Fox już zaczął się sposobić do odpowiedniej riposty, ale Valerie nachyliła się nad nim, dając znać, by wyłączył komunikator. Sama także to zrobiła. Potem zbliżyła usta do jego ucha:
- Uważaj na przewodnika. Jest przerażony i naćpany. Na naszych gospodarzy, by nie zrobili czegoś głupiego, i na specjalistki, bo wydają się zdezorientowane i jednocześnie w buntowniczym nastroju. Będziesz miał dość problemów, by nie martwić się tym czy sobie poradzimy bez wsparcia. - Ścisnęła lekko jego ramię. Będzie dobrze. Musi być!
Felix kiwnął głową na znak, że zrozumiał, po czym znowu użył komunikatora.
- Dobra, jak sobie chcecie, ale ostrzegam, że jak mówię, że gówno stąd trafię, to wsparcia nie będzie.
Po chwili Anglik dodał oficjalnym, pełnym powagi tonem:
- Wig. Zostawiam ich w Twoich rękach.
Oczywiście wiedział, że Peter od razu wyczuje ironię. Jednocześnie jednak sam się sobie zdziwił, że właśnie powiedział coś takiego… To pewnie jakaś reakcja obronna na jego obecne, marne samopoczucie. Sądząc po ciszy, która nastała, Wigfield zasalutował zgodnie z regulaminem brytyjskiej armii – w końcu lubił się w ten sposób popisywać.
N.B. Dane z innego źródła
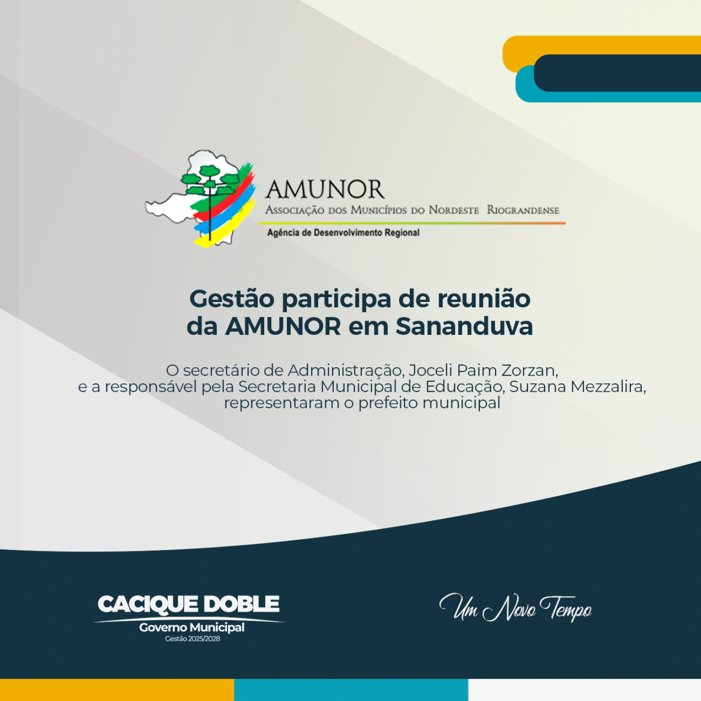 Representando o prefeito de Cacique Doble, o secretário de Administração, Joceli Paim Zorzan, e a responsável pela Secretaria Municipal de Educação, Suzana Mezzalira, participaram da reunião da Associação dos Municípios do Nordeste Riograndense (AMUNOR), nesta terça-feira, dia 18 de fevereiro. O encontro foi realizado no município de Sananduva e reuniu lideranças regionais para debater temas de interesse dos municípios integrantes da associação.

Zapowiadało się kolejne po wartach, mało przyjemne zadanie, ale to nie oznaczało, że nie należało go wykonać dobrze. Cegiełka po cegiełce, Raver zaczął sobie układać w głowie własny plan działania. Od początku wiedział, że nie ograniczy się do niańczenia ćpuna i zdenerwowanych kobiet, ale do tego będzie potrzebował kogoś, kto odwali za niego część roboty, i przy okazji zajmie czymś pożytecznym swoje myśli, stając się przez to dla Foxa mniejszym problemem. Biorąc pod uwagę to, że tak naprawdę mógł ufać tylko specjalistkom, wybór był niewielki. Z tego powodu był jednakże dość oczywisty. Felix rzucił jeszcze kątem oka na wychodzącą z pomieszczenia Shade, zanim zwrócił się do Blue, nie korzystając z komunikatora.
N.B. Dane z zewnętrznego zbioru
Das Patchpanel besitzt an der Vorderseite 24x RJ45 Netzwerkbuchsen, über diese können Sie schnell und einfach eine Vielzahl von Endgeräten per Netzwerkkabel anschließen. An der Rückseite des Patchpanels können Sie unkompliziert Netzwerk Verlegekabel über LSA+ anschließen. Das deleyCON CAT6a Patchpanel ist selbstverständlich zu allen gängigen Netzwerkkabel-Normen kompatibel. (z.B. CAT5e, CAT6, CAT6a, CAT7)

- Trafię albo nie, to się zobaczy. Nie zamierzam pozostawiać ich całkowicie samym sobie. Może chociaż zawczasu ujrzę zagrożenia, których oni nie będą w stanie w porę dostrzec - tłumaczył spokojnym głosem Raver. – W każdym razie, mogę potrzebować Twojej pomocy. Wydajesz się być mniej panikarska niż nasza pani biolog, a ja nie mogę robić wszystkiego jednocześnie. Obserwuj zatem naszych gospodarzy, zwłaszcza gdy będę zajęty. W razie czego - krzycz... Zgoda?
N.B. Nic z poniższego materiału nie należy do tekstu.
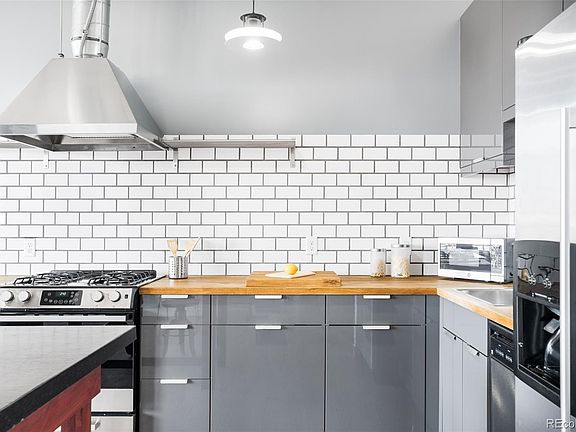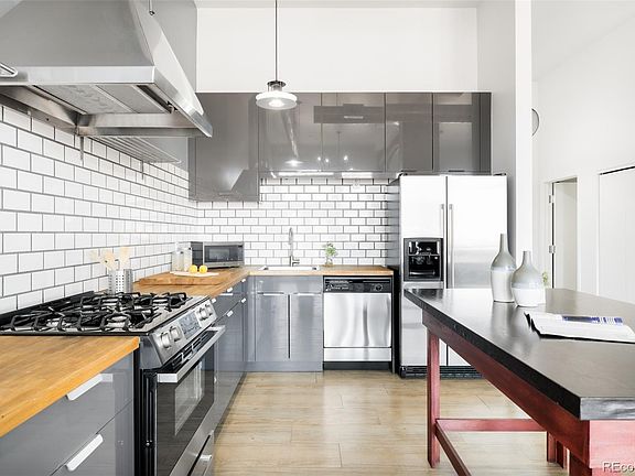 Urban, loft-style living with two deeded parking spaces and low HOA fees is unveiled in this low-maintenance, move-in ready, industrial-inspired LoHi escape. A freshly painted interior features soaring ceilings, exposed ductwork and expansive windows that frame panoramic views of the downtown Denver skyline. A large, designer L-shaped kitchen provides plenty of space for friends and prep with a big, movable island, white subway tile backsplash, butcher-block countertops, tons of cabinet storage and a gas range for serious chefs. Retreat outdoors to lounge or dine al fresco on a spacious, elevated 224 square-foot covered outdoor patio overlooking the city. The bedroom sanctuary features a walk-in closet with a ladder for additional lofted storage, perfect for suitcases and extra boxes. A walk-in laundry with storage room is an added amenity. Enjoy the security of a locked, gated complex with both parking garage and surface parking, including secure visitor parking, too. Delight in proximity to all the energy of neighborhood hotspots – Avanti, Linger, El Five, Forrest Room 5, Little Man Ice Cream. Highland Bridge is just a few steps away for easy connection to Downtown proper, too – hop on light rail, jog around Commons Park, meet for drinks at the Terminal Bar / Union Station, enjoy a day at the Ballpark or Empower Field, or pop on a bike path to cruise any of trails at Confluence Park. Excellent long-term rental history presents a superb opportunity for investors, as well. Property video highlights the urban location and neighborhood vibe... https://youtu.be/YguLzkUYS7A?si=xyEChdv07_Aucje8

- Po prostu lepiej się maskuję..- mruknęła Blue, w odpowiedzi na słowa Felixa – Ok, mogę poobserwować - dodała, a potem zeszła na dół i z podziwem w oczach patrzyła, jak Wig z kamienną twarzą ściemnia biolożce. Napatrzyła się na takich cwaniaczków w Vegas – Nieźle...Nie myślałeś, żeby zostać pokerzystą?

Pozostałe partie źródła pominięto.